There are a few reasons cited by experts behind the growing number of divorce cases or breakups during the pandemic period. One of the reasons is the financial instability due to which married couples are finding it difficult to live their normal life.

Due to this, there are fights between romantic partners and it is leading to separations in most cases. People in China, the US, the UK, and Canada are majorly dealing with the impact of lockdown and it has led to emotional turmoil in their lives.

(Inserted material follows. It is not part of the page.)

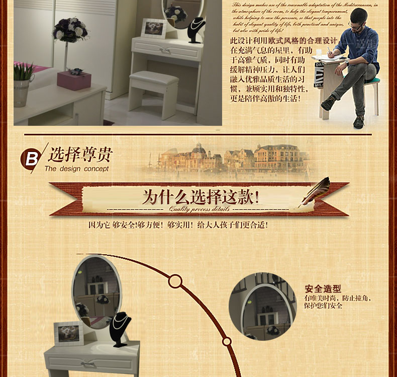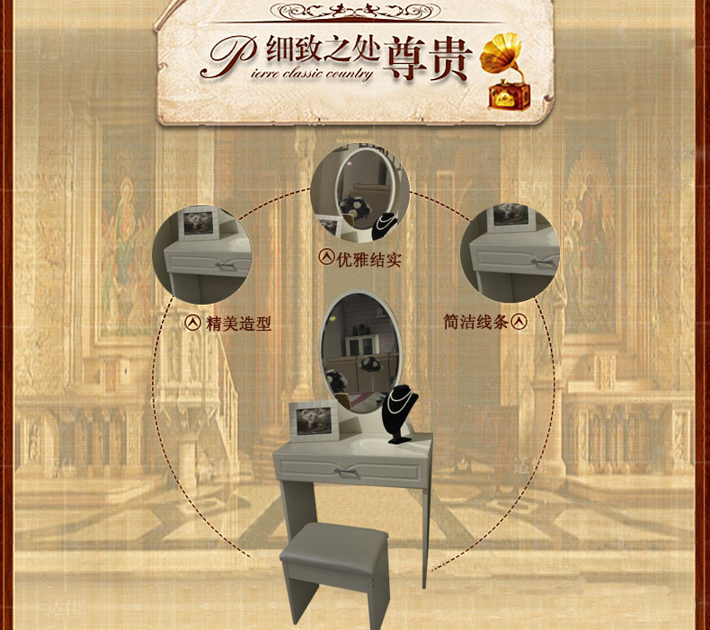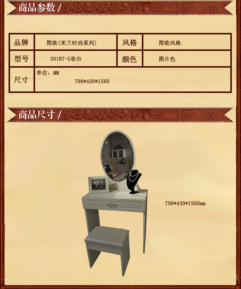 简欧米兰时尚系列卧室高档储物妆台实用创意简欧风格妆台S01BT-G妆台

It is leading to many mental disorders and the result for it is differences between love partners. Since people are working from home, they get to spend a lot of time together. It is making them think about their situations and personal issues to a great extent.

Couples who were unhappy with their marriages for a long time are now opting for divorce or legal help to address their personal issues. Since people are spending a lot of time at home, they are also developing issues due to the controlling nature of in-laws.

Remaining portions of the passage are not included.